Утром люди узнавали о ночных событиях. Они смотрели на растерзанные дома, на дико растерзанное существование человека, содрогаясь от омерзения перед имевшим здесь место актом. А вечером процедура вступала в свои права.

Иногда в бомбоубежище тянулись тихие, пустые часы. Тогда казалось, что почему-то это уже невозможно, что больше уже не будет. Потом вдруг возникал круглый звук вместе с глубоким содроганием земли.

Собственно, это был именно удар, круглый и тянущий вверх. Но вместе с тем он всегда казался звуком. Люди в подвале подымали головы, чтобы взглянуть друг на друга. «Положил», – говорил кто-нибудь. Мужчины вяло обсуждали – где и какого веса.

Навсегда памятное переживание опрокинутого времени. Неуследимо короткое настоящее, которое для сидящих здесь стало прошлым, прежде чем страхом дошло до сознания; а там для кого-то уже заполнилось огромным, ужасным содержанием, уже стало концом всего или началом долгой муки.

Гипертрофированный обед, ритуальное отсиживание в подвале. Предел несвободы и отрицания ценности человека. Не подвергнуться этому возможно было ценой прямого участия в войне.

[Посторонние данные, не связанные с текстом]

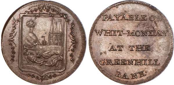 Litchfield, Samuel Barker (partner in a bank in Greenhill) Farthing, undated, Arms of Litchfield (dismembered bodies by church), rev. 5-line legend edge plain, 23.75mm/5.83gm. (DH 27), good Extremely Fine, almost bronzed in toning – hint of original mint lustre, rare.

Типовое отношение к бомбам, обстрелам, к смертельной опасности несколько раз изменялось, его изменяла судьба города, общегородская ситуация.

В блокадном Ленинграде мы видели всякое – меньше всего боязни. Люди невнимательно слушали свист пролетавших над головой снарядов. Заведомо ждать снаряда, конечно, гораздо труднее; но все знали – полет его слышит тот, в кого на этот раз не попало.

Количественная градация опасности, точнее, вероятность гибели (степень вероятности) имеет решающее психологическое значение. Между гибелью несомненной и почти несомненной – расстояние необъятное. В Ленинграде опасность была повседневной, систематической, в своей систематичности рассчитанной на выматывание нервов, но статистически она не была особенно велика. Проверенная ежедневным опытом опасность от бомбежки и обстрелов уступала огромным цифрам дистрофических смертей. К этой же, медленной, смерти человек проходил совсем другую внутреннюю подготовку. Отношение к снаряду, к бомбе в Ленинграде было, конечно, иным, чем на фронте или чем впоследствии у жителей городов, дотла выжигаемых воздушными налетами.

В Ленинграде мало кто боялся бомбежки, – только люди с особым, физиологическим предрасположением к страху. Бежать скоро стало некуда. Никто поэтому не бежал, и никто не думал: как же это я остаюсь, если все уезжают? Спокойствие стало тем всеобщим и средним уровнем поведения, несовпадение с которым труднее и страшнее реальных опасностей. Чтобы сохранить хладнокровие среди всеобщей паники, нужно быть чуть ли не героем. Но попробуйте кричать и метаться, когда все вокруг делают свое дело, – это требует особой дерзости.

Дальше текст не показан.